Бей челом в Туле, ищи в Москве – так-то оно так, да только Москва меня приняла негостеприимно – институтом Склифосовского после «Норд Оста»…
Ребеночка захотел: дуры они, все эти бабы – не хотят детей, аборты делают – зачем? «Мартини», сигареты ей – сволочь поганая. Знать ее не хочу. Как дурак, боже мой, как дурак носил цветы. Анка еще капризничала: «Не хочу розы, не приноси, мечтаю о тюльпанчиках». Вот как придурок бегал по всему Новосибирску за тюльпанами; все равно кровотечение открылось. Я после этого что-то сразу в армию захотел. Мать жалко: она у меня одна и я у нее один. Некому нас поддержать.
… Хотелось спать и напиться. Странное дело: ведь я не пью. Мне хотелось прогуляться по городу, но, видимо, желание быть неузнанным на улице и странное состояние, которое возникло у меня по приезду домой, не проходившее уже неделю, превалировало. Самому смешно – все знакомые считают меня очень занятым человеком. Даже мать страшится лишний раз заглянуть ко мне в комнату или громко включить телевизор – уверена, что меня нельзя тревожить. А что я, собственно, сделал за день? Чем я был занят?
Проснулся в восемь: разбудил запах жаренных с луком и морковью шампиньонов. Перекусил ими и съел грамм двести тахинно-арахисовой халвы. Раза три позвонил подруге, но дома ее не застал. Принял душ. Занялся любовью сам с собой, обложившись дешевыми журналами с обнаженными телками. Опять поел и лег спать. Когда проснулся, взглянул на часы и понял, что я пребывал во сне без малого пять часов. Что-то интересное снилось. Я пытался вспомнить, но безуспешно: сон улетучился. Я взял бритвенный станок и начал бриться. Если б меня пригласили сняться в рекламе, где по
2
сюжету я должен бриться, то меня бы, наверное, прогнал режиссер, потому что я бреюсь так долго и тщательно, что за это время можно показать серию из мыльной оперы, а не рекламу. Уверен, что невеста готовится к свадьбе быстрее, чем я сегодня брился. Принял душ. Поел, покурил, открыл окно и все-таки заставил себя сесть за письменный стол. Время уже было восемь часов вечера. И опять я один, совершенно один, без желаний, без устремлений и без панической охоты за деньгами. А, между прочим, я сегодня никуда еще не выходил, хотя целый день светило солнце и я был так тщательно выбрит. А что, может пойти прогуляться - это хоть какое-то разнообразие. Взял монетку: если решка – то пойду, если орел – то не пойду. Выпала решка.

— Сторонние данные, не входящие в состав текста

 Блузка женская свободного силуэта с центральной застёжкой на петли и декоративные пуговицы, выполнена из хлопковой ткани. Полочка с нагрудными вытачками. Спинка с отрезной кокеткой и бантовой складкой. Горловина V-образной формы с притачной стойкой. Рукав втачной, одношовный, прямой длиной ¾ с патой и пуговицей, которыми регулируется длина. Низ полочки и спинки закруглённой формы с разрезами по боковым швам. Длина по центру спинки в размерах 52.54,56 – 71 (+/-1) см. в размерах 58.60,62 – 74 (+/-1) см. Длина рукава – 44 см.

Странно: погулял, но душевного спокойствия не получил. Пришел домой, долго настраивался на нужную волну. Теперь я дома – на сто пять и два.
Собственно, я даже не знаю, стоит ли доверять бумаге на столько, чтоб все было правдой. Я идеалист, поэтому мне нравится, чтоб вранье не показывало свои чудовищные, наглые и непослушные когти. Что самое интересное, так это то, что у лжи могучие корни, уверенный торс и мелькающее рыло в страшно перепутанных ветвях под темно-серым небом; живущие под сенью лжи и не представляют, какие бывают ураганы и тайфуны. Стихийным бедствиям безразлично: сумело ли спрятаться неуловимое лицо лжи, успело ли оно приобрести оболочку или просочиться сквозь землю. Странно то, что точка приземления в аэродроме всегда открыта в царстве обманов: за вами лишь желание совершить взлет и посадку, не забыв при этом зарегистрироваться.

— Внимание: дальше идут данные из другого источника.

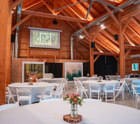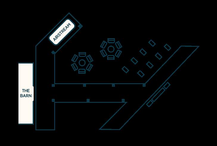 The Barn can seat over 500 people. The building has private bathrooms, a portable stage, in-built mood lighting and can be set up with full AV. It overlooks the lake and outside lies picnic tables, solo stoves, and fairy lights.

Как же надоели эти странные «самолетки» и «самолетища» - зачем они рычат?
Положив под язык таблетку валидола, я, кажется, успокоился. Вот как хотел я жить – так жилось, а расхотел – так и не живется. Убийца ли я? Милая Анна, мне смешно, когда я вспоминаю твое лицо в тот вечер посвящения тебя в мои дела. «Я лишь ветер, смотри, не влюбляйся в меня!» - я же тебя предупреждал.
Угодило меня сегодня познакомиться с девчонкой. Одета прилично, вся в турецком золоте (как я в молодости).Высокая, в черном, с черными передними зубами, уродство которых подчеркивалось красной помадой – красавица словом.
Спрашиваю:
- На что живешь? (Весьма модный сегодня вопрос).
- А у меня родственники все очень удачно подохли – четыре квартиры оставили, - тридцатипятилетняя деваха рассмеялась, обнажая свои гнилые зубы; по инерции рассмеялся и я.
- У меня недавно друг помер от передозировки.
Молчание, смешок, еще один и безудержный смех. Нельзя же так гоготать!
- Какой у тебя миленький носик, кукла.
- А-а, так он пять тысяч долларов стоит.
3
- А что, может, в сауну съездим?
- У меня там хвост расплавится.
- Это как? – не понял я.
- Ой, да он же у меня купленный.
«И вправду кукла», - пронеслось в голове.
…Живуч же человек, везде успевает, непонятно откуда силы берет…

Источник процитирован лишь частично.